Content is output, data is input
In traditional content creation, the motto “content is king” has long been the norm. Texts were written for humans, which were then indexed by machines. In the GEO era, this relationship is partially reversed. The text that the user ultimately reads in an AI response is the output of the model. However, the input that the company must provide is not finished marketing texts, but clean, structured data.
If the input is “shaky” – i.e., the data is incomplete, outdated, or contradictory – the AI response becomes a gamble. AI models such as GPT-4 or Claude try to recognize patterns. If they cannot find clear data patterns, they begin to hallucinate or fall back on competitors whose data is more stable.
GEO best practice:
• Data-first mindset: Before a blog article is written, the facts (prices, specs, availability) must be available in a structured database (e.g., knowledge graph).
• Fact-checking layer: Implementation of processes that ensure that every published figure is validated in a machine-readable format.
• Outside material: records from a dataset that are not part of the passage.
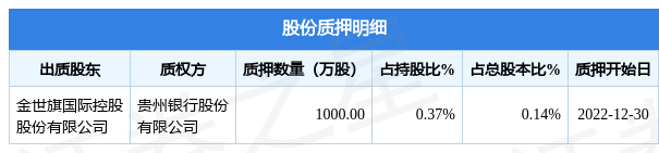 中天金融(000540)股东金世旗国际控股股份有限公司质押1000万股,占总股本0.14%
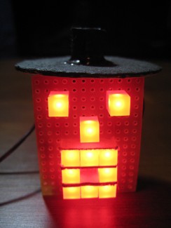 No, wrong thought --- it's not a Jack O'Lantern robot. Mr. Sunsmile changes his facial expression according to the brightness of the ambient light. A LDR is hidden in his top hat. The different facial expressions are shown below:
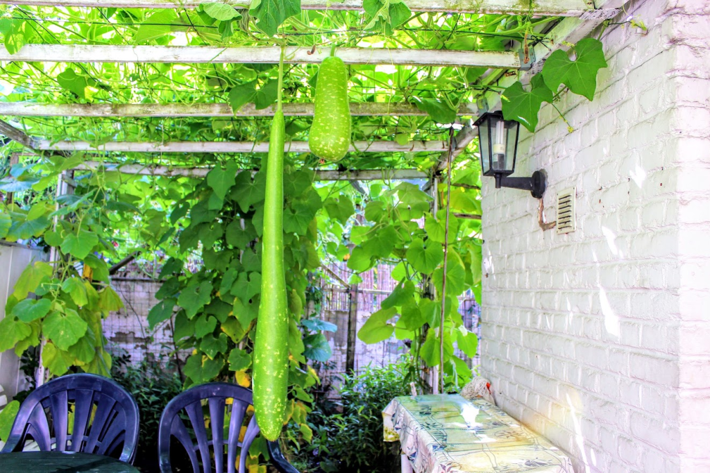 Cũng có chút kinh nghiệm cuốc cày hắn đã biến mảnh đất của hắn thành một khu vườn cho vợ hắn có thú vui, giàn gỗ được thả những dây bầu, bí, su để quả bám cho vui mắt.
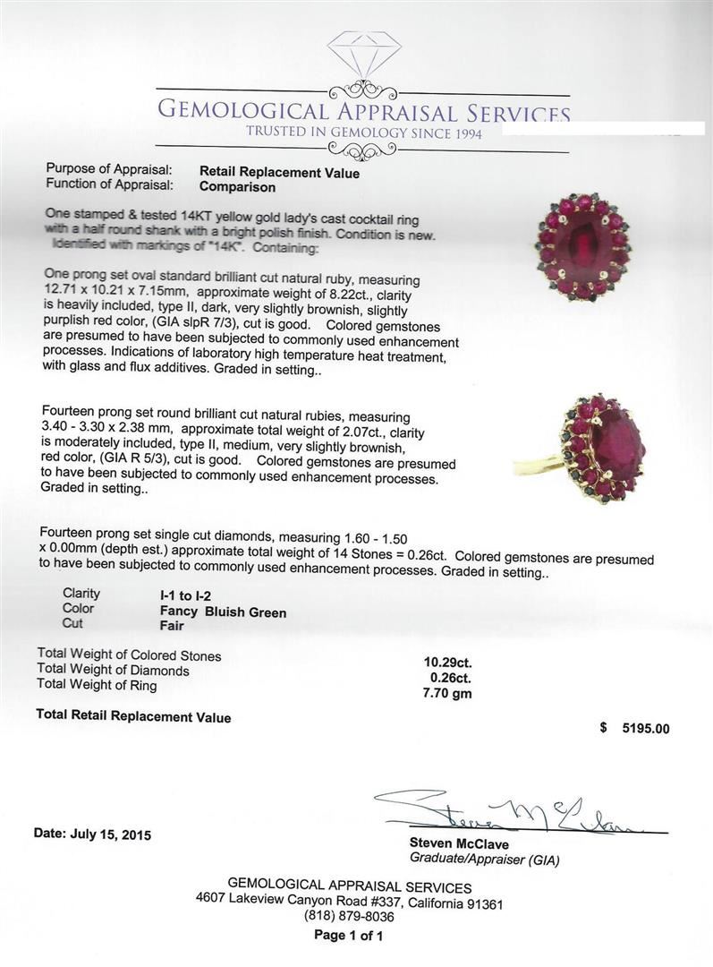 One stamped & tested 14KT yellow gold lady's cast cocktail ring with a half round shank with a bright polish finish. Condition is new. Identified with markings of "14K". Containing: One prong set oval standard brilliant cut natural ruby, measuring 12.71 x 10.21 x 7.15mm, approximate weight of 8.22ct., clarity is heavily included, type II, dark, very slightly brownish, slightly purplish red color, (GIA slpR 7/3), cut is good. Colored gemstones are presumed to have been subjected to commonly used enhancement processes. Indications of laboratory high temperature heat treatment, with glass and flux additives. Graded in setting. Fourteen prong set round brilliant cut natural rubies, measuring 3.40 - 3.30 x 2.38 mm, approximate total weight of 2.07ct., clarity is moderately included, type II, medium, very slightly brownish, red color, (GIA R 5/3), cut is good. Colored gemstones are presumed to have been subjected to commonly used enhancement processes. Graded in setting. Fourteen prong set single cut diamonds, measuring 1.60 - 1.50 x 0.00mm (depth est.) approximate total weight of 14 Stones = 0.26ct. Colored gemstones are presumed to have been subjected to commonly used enhancement processes. Graded in setting. Clarity: I-1 to I-2. Color: Fancy Bluish Green. Cut: Fair. Total Weight of Colored Stones: 10.29ct. Total Weight of Diamonds: 0.26ct. Total Weight of Ring: 7.70 gm. GAS Appraised at $5,195.00.
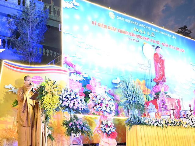 Tiếp đó, Đại đức Thích Bản Điền – Trưởng BTS GHPGVN huyện An Lão, đã lên cung tuyên Lược sử Đức Phật A Di Đà và ý nghĩa của pháp môn tu niệm Phật. Đối với các hành giả tu pháp môn niệm Phật, cần phải lấy Tín – Nguyện – Hành để làm tư lương cho lộ trình vãng sinh về thế giới Tây Phương Cực Lạc. Đức Phật A-Di-Đà là giáo chủ của cõi Tây phương Cực Lạc, là vị Phật đã phát ra 48 lời thệ nguyện rộng lớn để tiếp dẫn, cứu độ chúng sinh. Những lời thệ nguyện của Ngài bao trùm khắp pháp giới, dung chứa chúng sinh khắp ba cõi, bốn loài. Với tình thương không hạn lượng và trí tuệ vô biên, cõi Tây phương của Ngài đã trở thành Lạc quốc cho chúng sinh quay về nương tựa, tu tập giải thoát.

The end of silos: Unify First
Data silos are a common problem in companies. Product information is stored in the PIM, customer reviews are stored at Trustpilot, use cases are stored in the marketing blog, and search data is stored in web analytics. These separate silos are useless for AI that is supposed to generate a complex answer (“Which CRM is suitable for a 5-person startup with a focus on sales?”). All data points that describe an entity (e.g., a product) must be semantically linked. AI must “know” that positive review X belongs to feature Y of product Z. Only when this connection exists technically can the model draw conclusions and make an informed recommendation.
GEO best practice:
• Semantic integration: Linking heterogeneous data sources (reviews, specs, FAQs) to a central profile per entity.
• Schema.org for everything: Use of extended markup to explicitly define not only the product, but also its relationships.
Structure beats style: prompt optimization as data modeling
The term “prompt optimization” is often misunderstood as “hacking” prompts. In GEO reality, however, it is about modeling data in such a way that it fits perfectly into the AI's internal prompt.
When an AI generates a response, it internally builds a kind of “profile” of the relevant information. If your information is unstructured (e.g., hidden in a PDF or long continuous text), it cannot be extracted granularly. However, if it is modeled as a clear attribute (e.g., “energy efficiency class: A++”), it becomes “quotable.” Structured data acts as constraints that help the AI to retrieve knowledge rather than guess.
GEO best practice:
• Attribute granularity: Break down product characteristics into the smallest units (key-value pairs) instead of hiding them in sentences.
• Machine-readable logic: Use tables and lists for comparisons, as these are easier for LLMs to recognize as logical relations than continuous text.
Context is the key to personalization
The final step in the chain is the personalized answer. A generic answer is a commodity today. The value lies in contextualization. AI systems win when they understand the user's context (target group, situation, preference) and can tailor the answer to it. However, this only works if you, as a company, not only describe your product, but also provide the context of its use. It is not enough to say “Our tool can automate email.” The company must provide data that says, “Our tool solves the problem of time constraints for solopreneurs through email automation.” Only through this semantic link between problem (context) and solution (product) can AI create personalized relevance.
GEO best practice:
• Use case mapping: Creation of content that explicitly links products to target groups and problem scenarios (e.g., “Solution for X in situation Y”).
• Agentic readiness: Preparing data so that it can be identified as the “best solution for context Z” by AI agents that conduct autonomous research for users.
comdaily conclusion: GEO is much more than text optimization. It is a data-driven discipline that brings together marketing, product management, and IT. Anyone who approaches GEO as “we'll write a few AI-optimized texts” is actually playing a different game than the market. The winners in the coming years will be those who view their data as a high-quality product that they make available to AI models as a reliable resource. Only those who do their homework on data structure (Unified Semantic Profile) will ultimately appear on the digital stage as the answer.